Thermoelectric processes of quantum normal-superconductor interfaces
L. Arrachea, A. Braggio, P. Burset, E. J. H. Lee, A. Levy Yeyati, R. Sánchez
TL;DR
This review examines how thermoelectric effects arise at normal-superconductor interfaces across zero-, one-, and two-dimensional systems, highlighting how Andreev reflections, quasiparticle tunneling, and nonlocal Cooper-pair processes generate sizable heat-to-charge conversions despite intrinsic electron-hole symmetry. By organizing the discussion around dimensionality—from quantum dots and nanoisolated islands to helical edge states and Dirac materials—it shows how symmetry breaking (via Coulomb blockade, multiterminal geometries, or proximity-induced pairing) enables finite thermoelectric coefficients and even nonlocal engines.
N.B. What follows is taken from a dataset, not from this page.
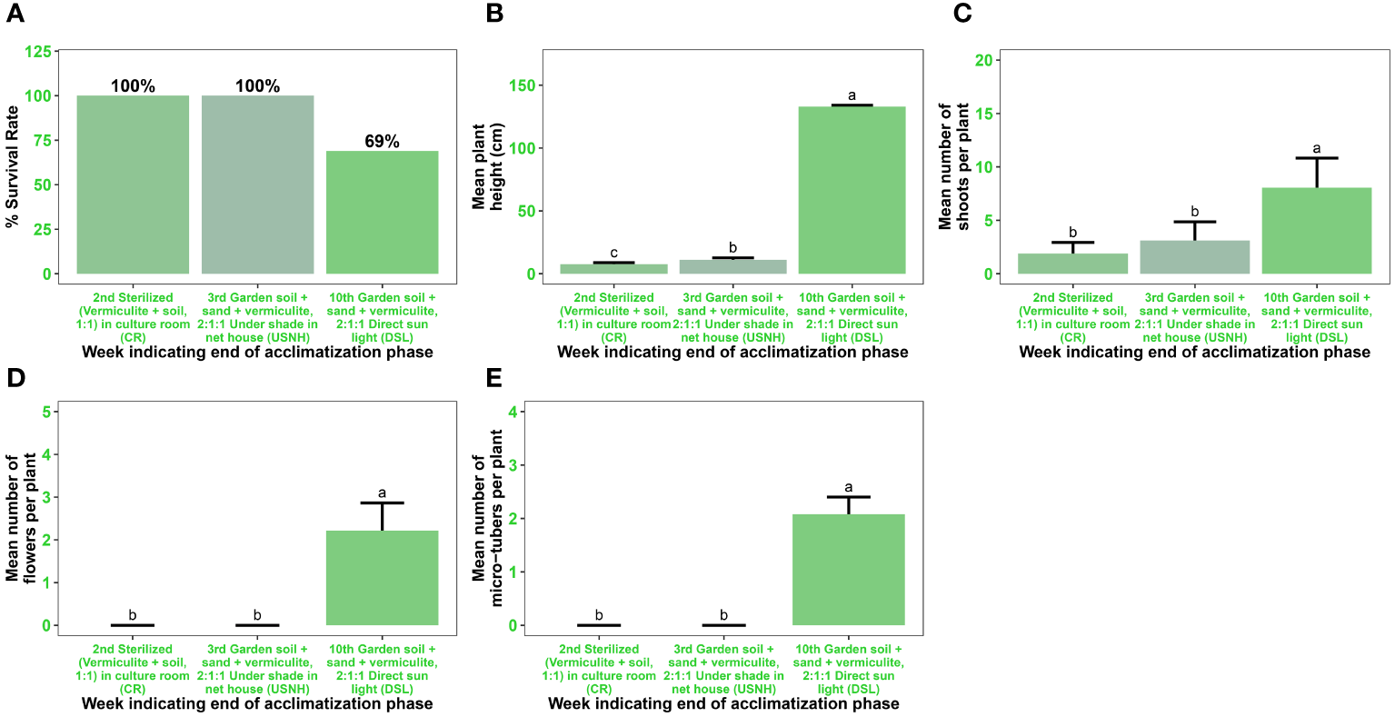 The plantlets were subsequently transferred to larger earthen pots with a diameter of 15 cm. These pots contained a typical mixture of garden soil, sand, and farmyard manure in a ratio of 2 parts soil to 1 part sand to 1 part manure (volume/volume). The pots were exposed to direct sunlight for a period of up to seven weeks, specifically until the 10th week. After the transplantation, the survival rate of the plants outside of their natural environment, their height in centimeters (cm), and the number of shoots, flowers, and microtubers per plant were evaluated. This assessment took place two weeks later in a mixture of sterilized vermiculite and soil in a controlled environment, one week later in a mixture of garden soil, sand, and vermiculite under shade in a protected structure, and seven weeks later in a mixture of standard garden soil, sand, and farmyard manure under direct sunlight.
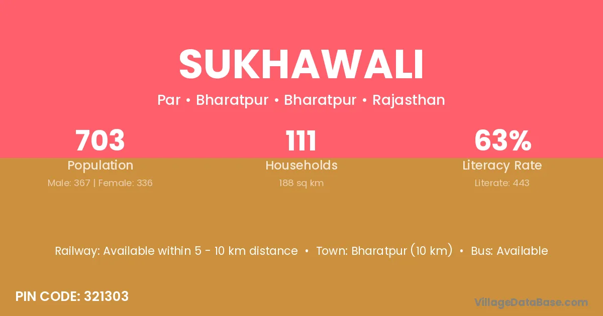 Bharatpur (10 km) is the nearest town to Sukhawali village for major economic activities and is located approximately 10 km away.

Key mechanisms include Cooper pair splitting, nonlocal thermoelectric currents in three-terminal devices, and phase- and angle-dependent effects in topological and Dirac materials, with practical signatures such as Seebeck signals, cooling powers, and Joule spectroscopy dips. The work highlights potential applications in heat management and quantum technologies, including thermoelectric heat engines, refrigerators, and thermal diodes that operate at millikelvin temperatures using nanoscale NS hybrids.
Abstract
Superconducting interfaces have recently been demonstrated to contain a rich variety of effects that give rise to sizable thermoelectric responses and unexpected thermal properties, despite traditionally being considered poor thermoelectrics due to their intrinsic electron-hole symmetry. We review different mechanisms driving this response in hybrid normal-superconducting junctions, depending on the dimensionality of the mesoscopic interface. In addition to discussing heat to power conversion, cooling and heat transport, special emphasis is put on physical properties of hybrid devices that can be revealed by the thermoelectric effect.